In this example, we will look at data from police stops - where each row is 1 stop, and each column contains so desciption of that stop - like the time the stop look place, the outcome of the stop, etc.

We will explore a few common data cleaning practices using pandas functions like `.drop()`, `.rename()`, `.value_counts()`, and `.astype()` while using pandas documentation to guide us - *remember the using documentation is a critical data science skill* and part of the process!

The dataset here comes from [Kaggle](https://www.kaggle.com/datasets/melihkanbay/police) and is intended to be used to practice using pandas.

In [1]:
# if using Google Collab - uncomment the following lines and run them. 
#
# You'll also need to add the entire path of your data file in your google drive.
#     > You can use the 'files' tab on the left to find your data file, then right click and copy path to get the entire path
#     > Pass the path in "" inside the parameters when you read in the data.


# from google.colab import drive
# drive.mount('/content/drive/',  force_remount=True)

[![Open In Colab](https://colab.research.google.com/assets/colab-badge.svg)](https://colab.research.google.com/github/ali-rivera/Python-Support-Hours/blob/main/Week3/Week3_BlankResources.ipynb)

## Read in data

## Drop Redundant Columns

First lets take a look and decide if there are any columns we just don't want.

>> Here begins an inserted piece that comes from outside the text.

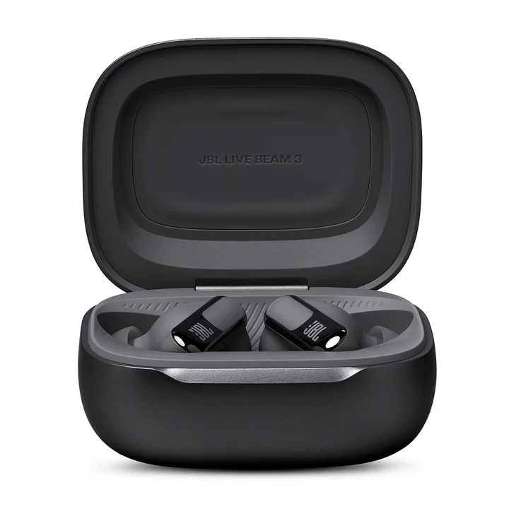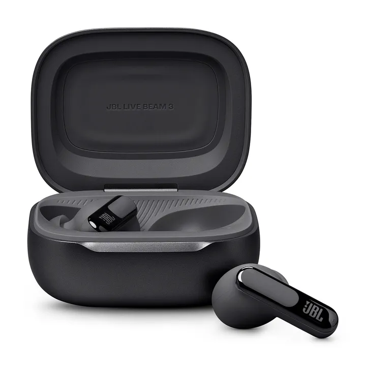 JBL Live Beam 3 – smarte in-ear earbuds med stilkdesign, 10 timers batteri, Adaptive ANC og ladeetui med farvedisplay

It looks like `driver_age_raw` may be the driver's birth year and age has been added (or calculated) as it's own column. Since this information is redundant, I think we can go ahead and drop `driver_age_raw`.

We can do this using the [.drop()](https://pandas.pydata.org/pandas-docs/stable/reference/api/pandas.DataFrame.drop.html) function.

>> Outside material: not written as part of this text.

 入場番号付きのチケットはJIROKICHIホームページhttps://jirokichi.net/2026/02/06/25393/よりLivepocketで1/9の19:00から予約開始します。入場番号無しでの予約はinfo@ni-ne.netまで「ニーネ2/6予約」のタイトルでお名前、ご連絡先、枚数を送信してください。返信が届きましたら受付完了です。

## Rename for easier indexing

Let's rename some of the the columns to be a bit shorter while still being descriptive. We can use the [.rename()](https://pandas.pydata.org/pandas-docs/stable/reference/api/pandas.DataFrame.rename.html) function to do this.

## Correct dtypes

Before we go any further, let's look at the data type of each column and make sure they are appropriate for the information stored there. There are a few functions we can use to do this, [.info()](https://pandas.pydata.org/pandas-docs/stable/reference/api/pandas.DataFrame.info.html) gives us the most information. [.dtypes](https://pandas.pydata.org/pandas-docs/stable/reference/api/pandas.DataFrame.dtypes.html) also gives us a list of the data types, if that's all we want.

Notice the "RangeIndex" tells use how many rows we have (91741) and "Data Columns" tells us we have 14 columns(after dropping `driver_age_raw`). The "Non-Null Count" column in this outpust shows us that several columns have null values for several rows. We'll keep that in mind for later. For now, let's look a the type of each column.

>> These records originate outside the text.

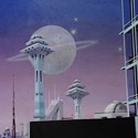 The spectacular matte painting features the landscape of Starbase 11, where the crew beams down to in the first act. These paintings were used by filmmakers to create the illusion of an environment that would otherwise be too expensive or impossible to build or visit.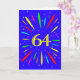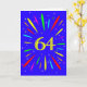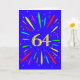 Une carte explosive de 64ème anniversaire ! Quelle merveilleuse façon d'envoyer des salutations d'anniversaire. Le numéro 64 en jaune vif avec une explosion de couleurs vives et d'étoiles.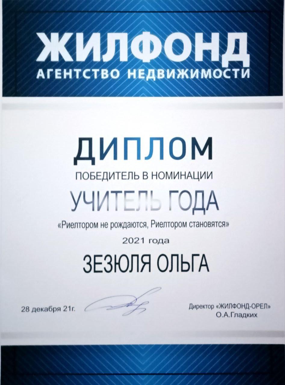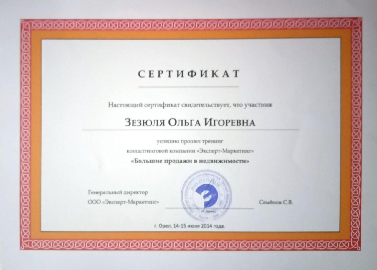 Выражаю огромную благодарность Зезюля Ольге за помощь в продаже квартиры. Учитывая тот факт, что квартира находилась в Орле, а сам продавец находился за тысячи километров, кроме того, столкнулся впервые с необходимостью совершения сделки с недвижимостью, то присутствовало некое волнение - как всё получится. Но, в итоге всё получилось, и довольно быстро, как нельзя лучше, и в этом огромная заслуга Ольги Игоревны, профессионала своего дела и огромной души человека. У неё с самого начала заключения договора не было никаких сомнений, и она нас в этом тоже убеждала, что всё будет хорошо, чтобы мы не волновались. Ольга Игоревна постоянно была с нами на связи, согласовывала с нами все возникающие вопросы и предложения со стороны покупателя. Побольше бы таких специалистов, как Ольга Игоревна! Желаю успехов в работе и благодарных клиентов! Очень рекомендую всем, кому нужна помощь в совершении сделки с недвижимостью, именно этого Специалиста с большой буквы.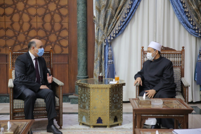 استقبل الإمام الأكبر أ.د أحمد الطيب، شيخ الأزهر الشريف، صباح اليوم بمشيخة الأزهر، السفير حاتم عبدالقادر، سفير مصر الجديد في هولندا.

`stop_date` and `stop_time` are stored as objects, but storing these as a datetime datatype may serve us better. Let's make a new column called `date_time` and store the date AND time in there using the [.to_datetime()](https://pandas.pydata.org/pandas-docs/stable/reference/api/pandas.to_datetime.html#pandas.to_datetime) function.

Now let's take a look at `gender`, `race`, `violation`, `outcome`, `search_type`, and `stop_duration`, which I suspect may be able to be stored as categories...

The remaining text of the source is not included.